Rarely does a technical or paperwork glitch derail the sale of a business. Much more frequently behavioral or emotional decisions by the owner taint the market or cause the buyer to rethink things. This makes sense because the sale of a business is the culmination of a lifetime of work, and it is unreasonable to expect an owner to think or act dispassionately. This is where the real value of utilizing a team of experienced professionals to help you capitalize on your life’s work comes in. Though there are entire books written on the subject, what follows are ten common but easily rectified “Deal Killers.”
1. Indecision
It is often admirable or even prudent to test the waters before diving in. Not so when selling your business. A gaffed first attempt has the potential to taint market perception of your business. When you are ready, plan and act decisively.
2. Negotiating Alone
Savvy people from Fortune 500 CEOs to Military Generals consistently repeat a key mantra: it is the people they surround themselves with that create outstanding results. The same is true of selling your business.

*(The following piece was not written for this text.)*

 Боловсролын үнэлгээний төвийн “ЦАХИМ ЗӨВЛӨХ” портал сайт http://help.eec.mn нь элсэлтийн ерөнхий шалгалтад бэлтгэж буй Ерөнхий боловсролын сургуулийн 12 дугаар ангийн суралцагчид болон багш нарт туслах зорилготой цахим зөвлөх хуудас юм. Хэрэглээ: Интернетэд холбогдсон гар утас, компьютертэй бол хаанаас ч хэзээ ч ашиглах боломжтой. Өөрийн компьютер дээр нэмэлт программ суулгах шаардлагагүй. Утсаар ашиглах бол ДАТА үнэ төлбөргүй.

It is often impossible for an owner to act completely rationally when haggling over something they poured blood, sweat, and tears into. Let your team form the buffer between you and the buyer to ensure a successful exit.
3. Poor or No Preparation
This killer is often a “maimer.” A deal may still go through, but an owner who does not plan, increase transferrable value, and tie up loose ends will leave money on the table every time.
4. Keeping Secrets from Your Advisor
All companies have blemishes. The process of exposing them and creatively finding solutions should be completed amongst your team prior to going to market to avoid losing money during the Due Diligence Process.

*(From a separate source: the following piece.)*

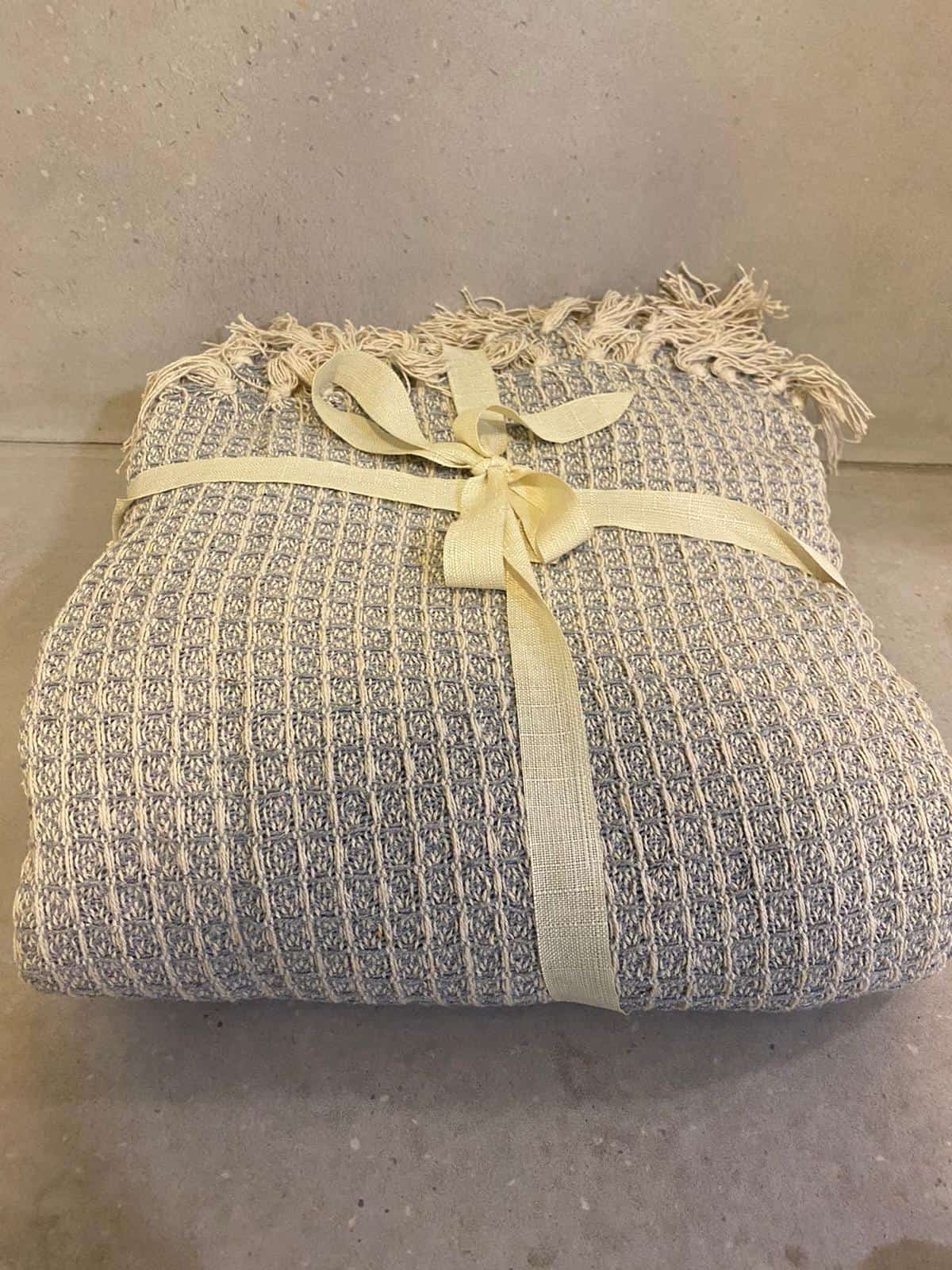 שמיכת פיקה וופל זוגי צבע אפור-תכלת

5. Keeping Secrets from the Buyer
An extension to number 4, this issue has the potential to derail a deal entirely. Rest assured that any Due Diligence Process will be thorough, and the buyer will be actively looking for ways to decrease the sale price. Everything will come to light, and your best hope is to disclose and deal with issues prior to signing a LOI.

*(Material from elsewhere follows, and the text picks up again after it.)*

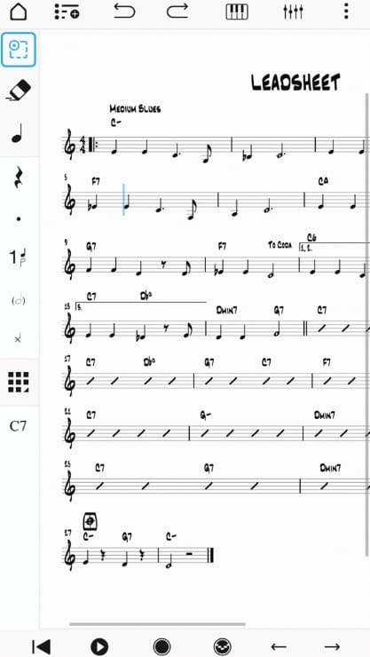 Notion Mobile은 터치 기반의 인터페이스로 설계되어 스마트폰, 태블릿, 크롬북 등 다양한 모바일 기기에서 손쉽게 작곡할 수 있도록 돕습니다. 피아노 키보드, 기타 프렛보드, 드럼 패드 등의 입력 도구가 내장되어 있어 악보 작성이 직관적이며 효율적입니다.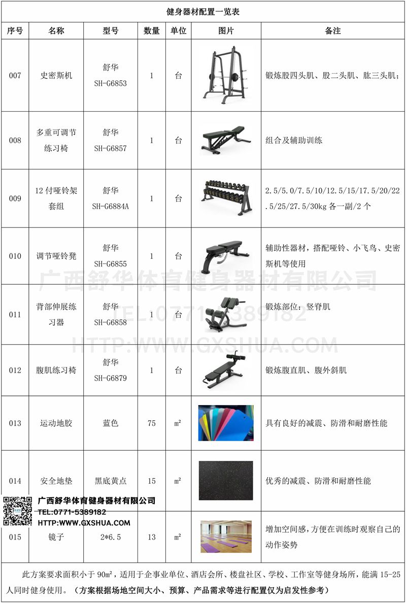 此方案要求面积小于90m²,适用于企事业单位、酒店会所、楼盘社区、学校、工作室等健身场所,能满15-25人同时健身使用。(方案根据场地空间大小、预算、产品需求等进行配置仅为启发性参考)

6. Working with the Buyer Directly
Your team will develop a negotiating strategy that requires coordination. Going rogue and approaching the buyer will only serve to unbalance the scales at the negotiating table.
7. Distraction
The Exit Process is grueling and emotional. It is easy to get distracted from the day-to-day operation of your business – don’t! Your team is there to move the process along, and your part is to continue to create value as you have over the course of your career.
8. Overlooking Consents
In every business there are a multitude of third parties who would like (and often are required by law to give) consent if you wish to sell your business. Be diligent in creating a list and contacting all appropriate parties.
9. Confidentiality
Believe it or not, confidentiality breaches are usually caused by the Seller. No matter how good a friend or colleague someone may be, keep confidentiality during the process as you never know what facts can materially affect the deal.
10. Perspective
We are all here for the same reason. You want to capitalize on a lifetime of hard work, your team wants you to have a successful exit, the buyer wants to acquire a successful business. There is an old saying that if a deal has not been derailed at least four times in the process, it isn’t a real deal. Keep focused on the end goal and don’t let details or setbacks cloud your thinking.